Task instructions: Pictures in the material below are to be left out, and only the lines from the line with "Upgrade your interior" up to and including the line with "Fortunately I have" are to be written out exactly.

Material for the task:
━━━━━━━━━━━━━━━━
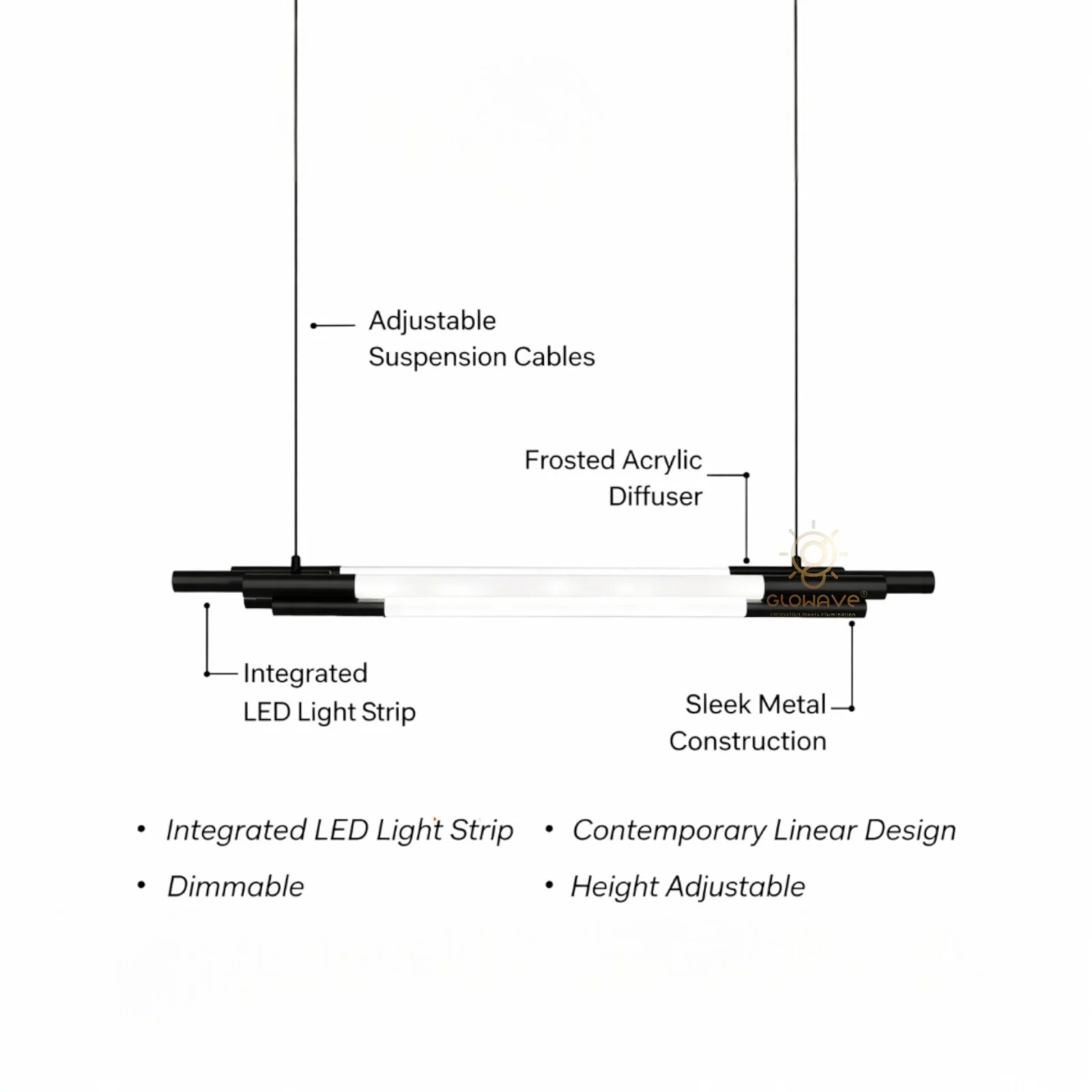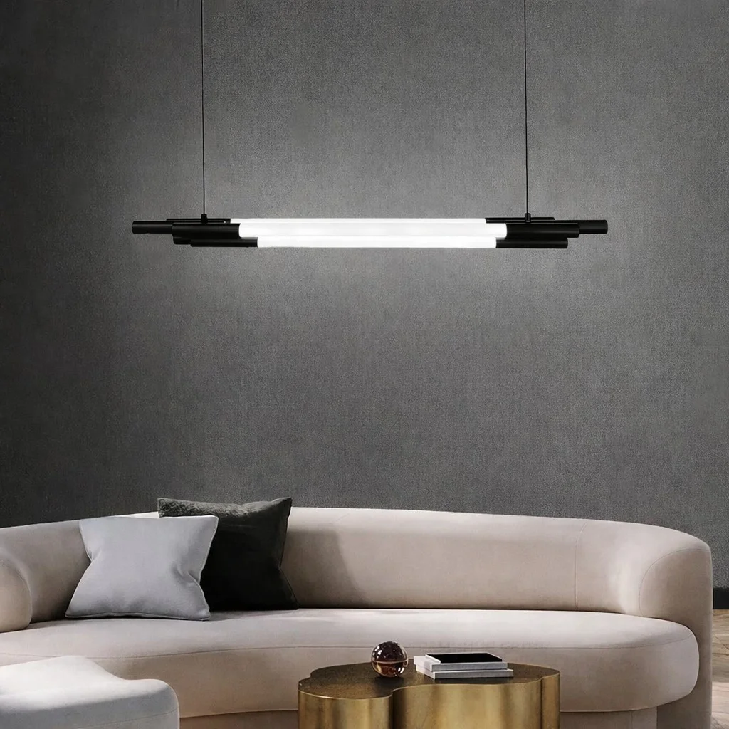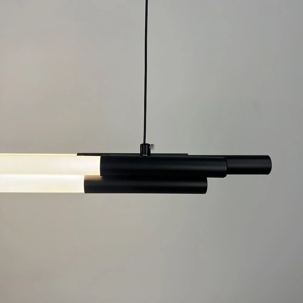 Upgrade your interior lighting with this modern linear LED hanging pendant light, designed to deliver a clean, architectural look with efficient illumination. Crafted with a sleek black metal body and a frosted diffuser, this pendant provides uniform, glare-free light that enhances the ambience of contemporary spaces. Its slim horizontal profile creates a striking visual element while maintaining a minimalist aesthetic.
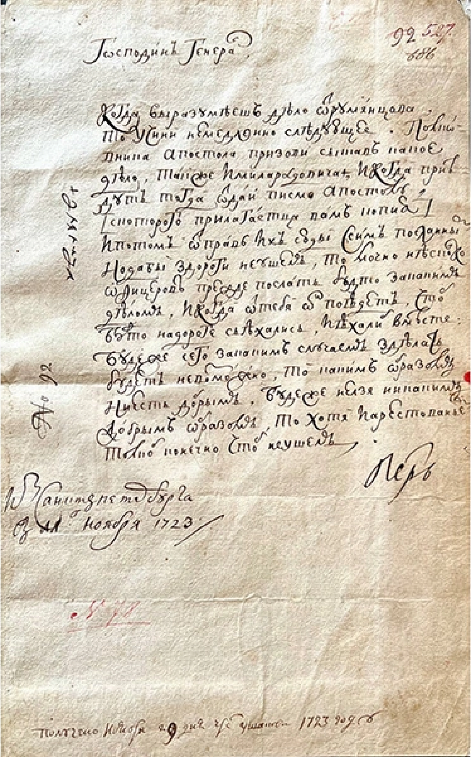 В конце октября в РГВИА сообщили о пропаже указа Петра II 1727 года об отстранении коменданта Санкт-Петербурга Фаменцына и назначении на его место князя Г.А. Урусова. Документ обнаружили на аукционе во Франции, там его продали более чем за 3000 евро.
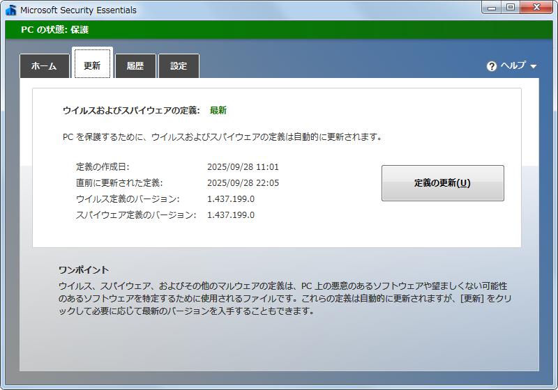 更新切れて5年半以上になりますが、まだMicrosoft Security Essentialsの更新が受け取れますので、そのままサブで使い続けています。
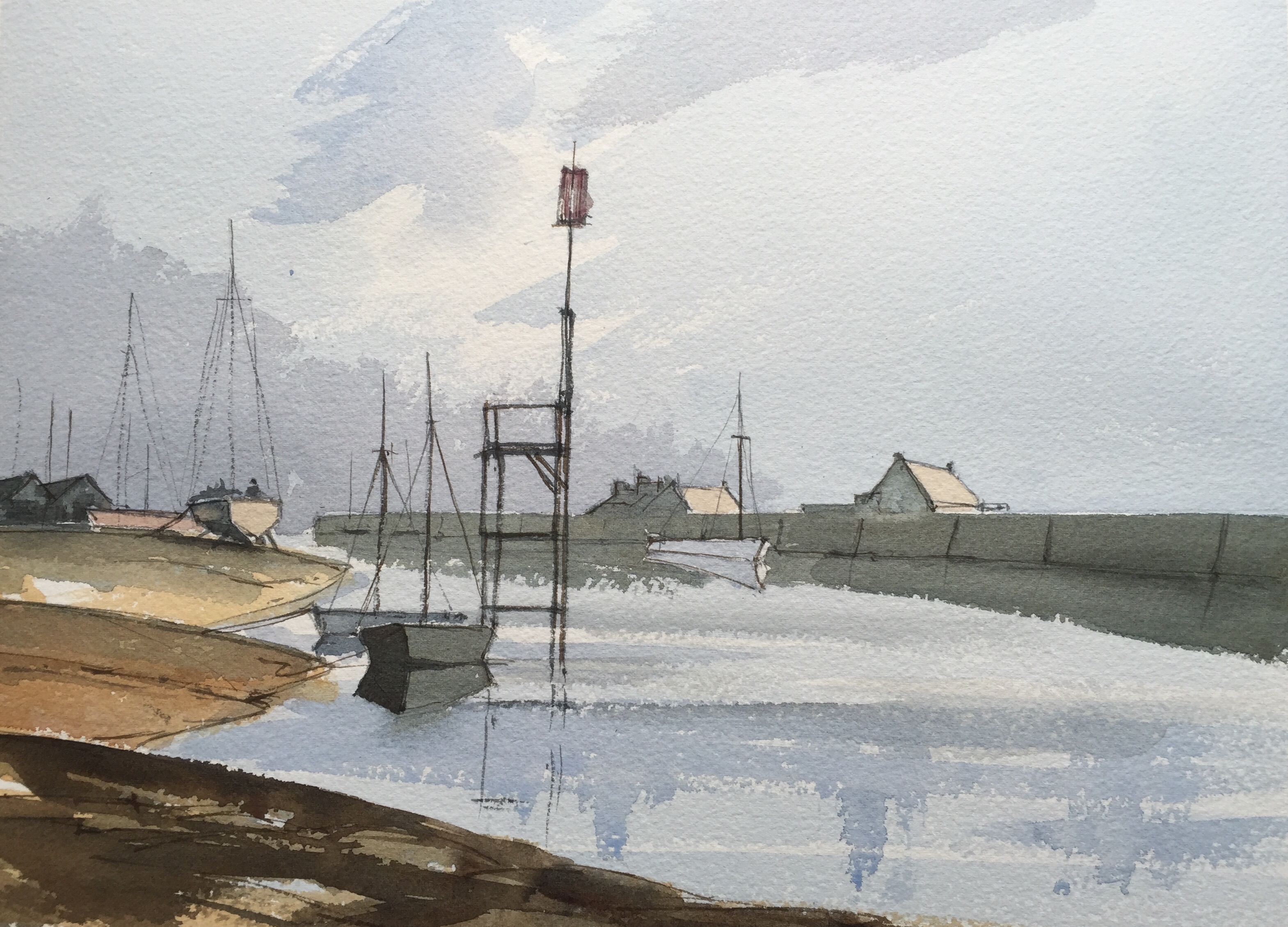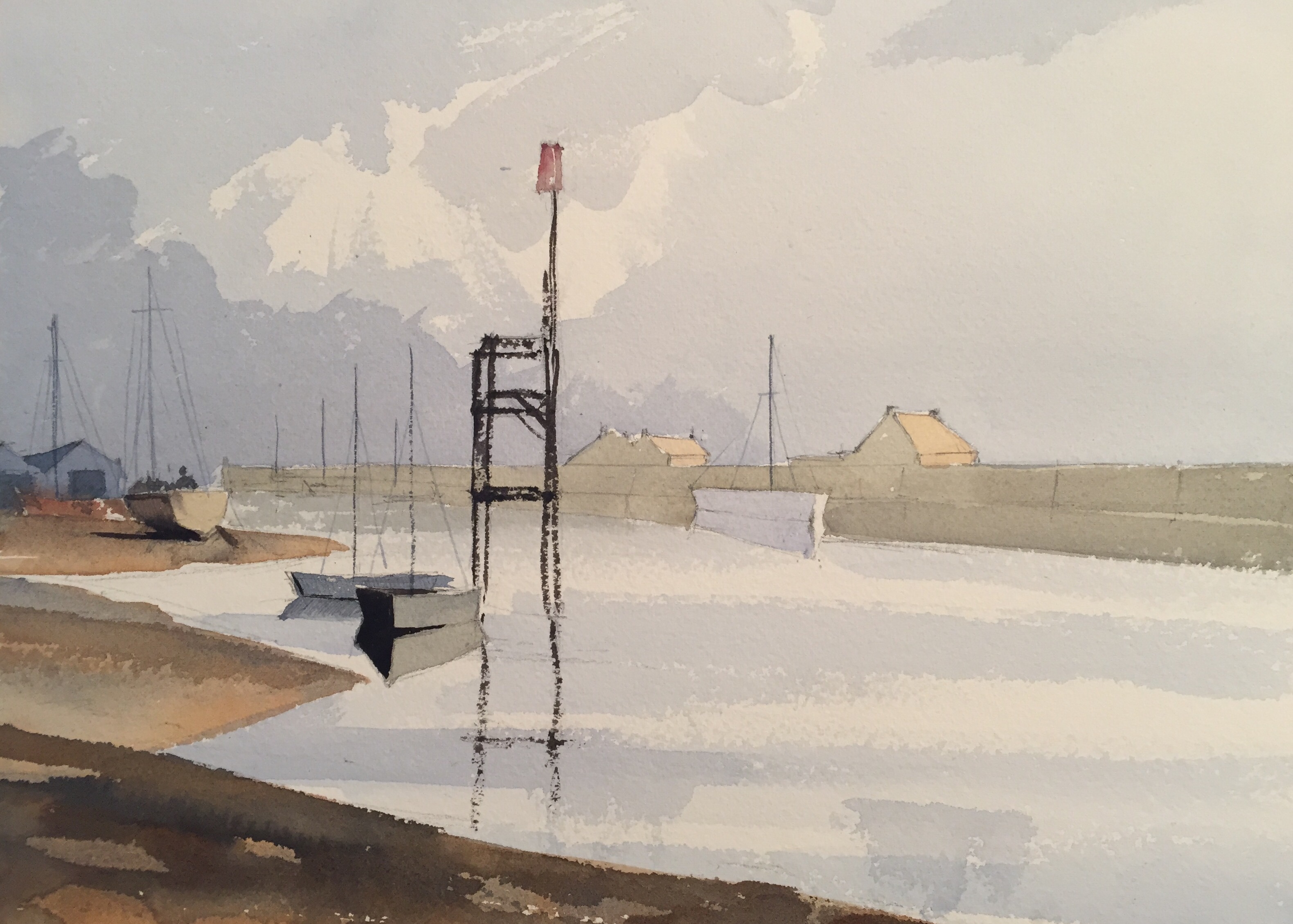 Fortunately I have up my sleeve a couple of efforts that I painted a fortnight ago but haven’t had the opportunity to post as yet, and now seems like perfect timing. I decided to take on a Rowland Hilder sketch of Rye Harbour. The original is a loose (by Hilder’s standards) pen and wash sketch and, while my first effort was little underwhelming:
━━━━━━━━━━━━━━━━
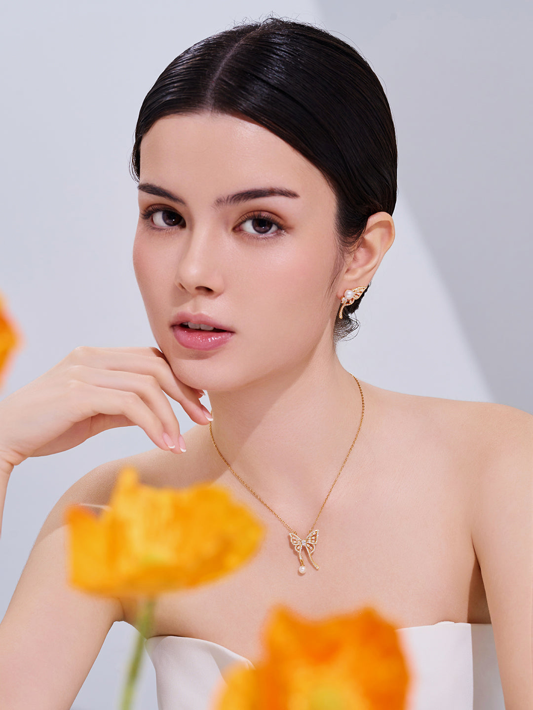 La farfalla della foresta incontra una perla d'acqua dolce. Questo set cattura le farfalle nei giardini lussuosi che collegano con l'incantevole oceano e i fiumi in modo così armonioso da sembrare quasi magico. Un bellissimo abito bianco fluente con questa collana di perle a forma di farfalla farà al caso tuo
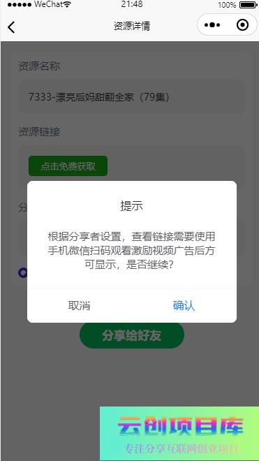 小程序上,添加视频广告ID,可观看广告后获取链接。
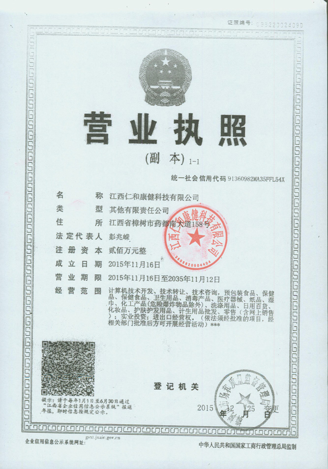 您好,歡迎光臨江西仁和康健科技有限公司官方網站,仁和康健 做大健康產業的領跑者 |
━━━━━━━━━━━━━━━━
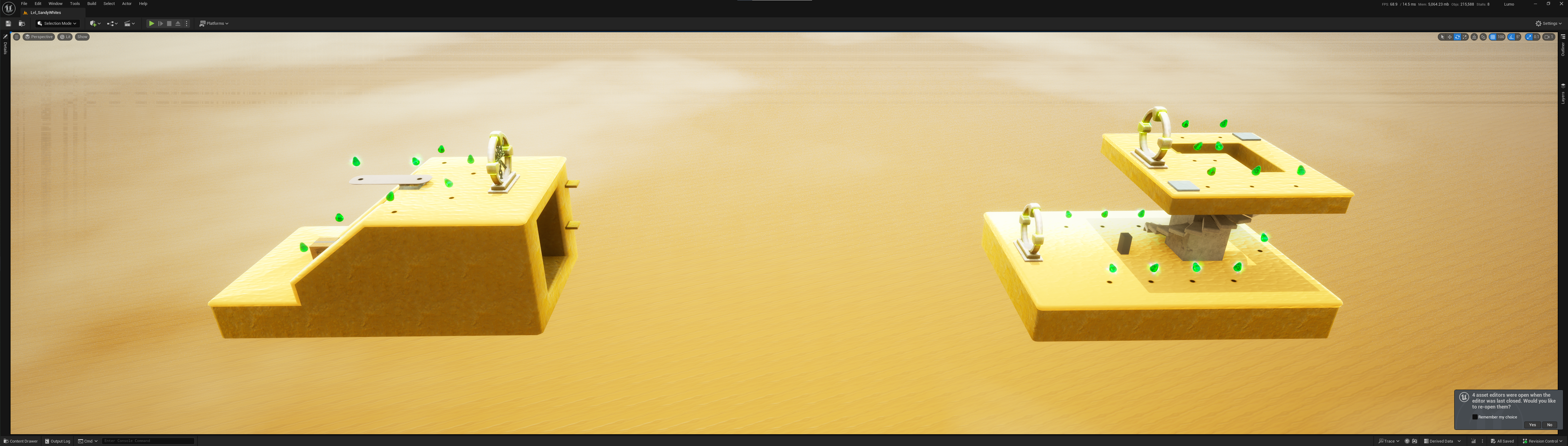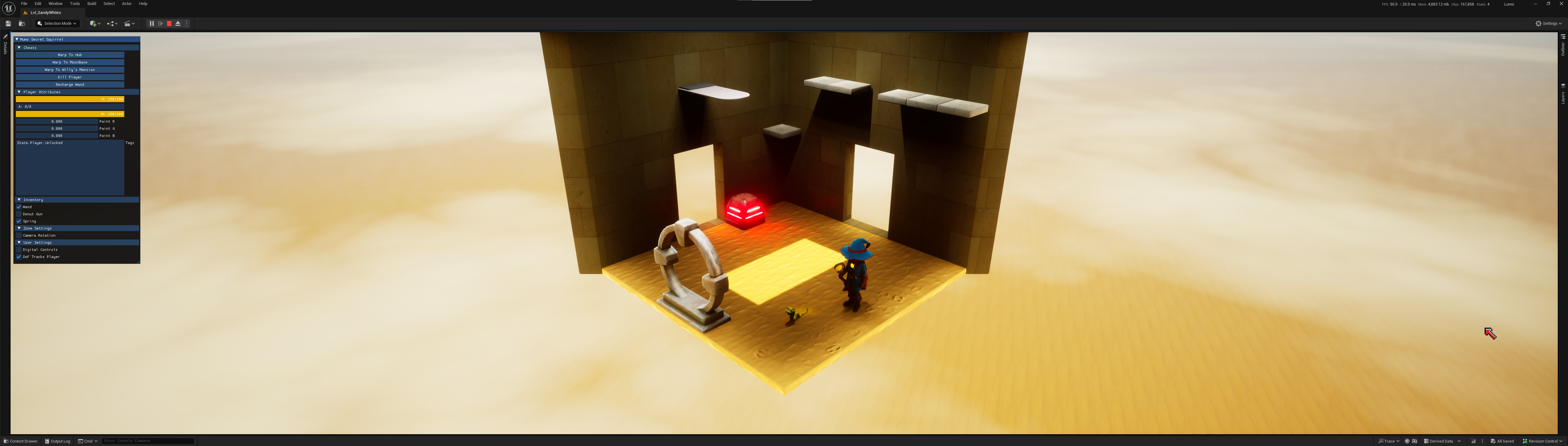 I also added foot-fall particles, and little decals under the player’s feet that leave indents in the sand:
━━━━━━━━━━━━━━━━
Problem solution:
 Upgrade your interior lighting with this modern linear LED hanging pendant light, designed to deliver a clean, architectural look with efficient illumination. Crafted with a sleek black metal body and a frosted diffuser, this pendant provides uniform, glare-free light that enhances the ambience of contemporary spaces. Its slim horizontal profile creates a striking visual element while maintaining a minimalist aesthetic.
 В конце октября в РГВИА сообщили о пропаже указа Петра II 1727 года об отстранении коменданта Санкт-Петербурга Фаменцына и назначении на его место князя Г.А. Урусова. Документ обнаружили на аукционе во Франции, там его продали более чем за 3000 евро.
 更新切れて5年半以上になりますが、まだMicrosoft Security Essentialsの更新が受け取れますので、そのままサブで使い続けています。
 Fortunately I have up my sleeve a couple of efforts that I painted a fortnight ago but haven’t had the opportunity to post as yet, and now seems like perfect timing. I decided to take on a Rowland Hilder sketch of Rye Harbour. The original is a loose (by Hilder’s standards) pen and wash sketch and, while my first effort was little underwhelming:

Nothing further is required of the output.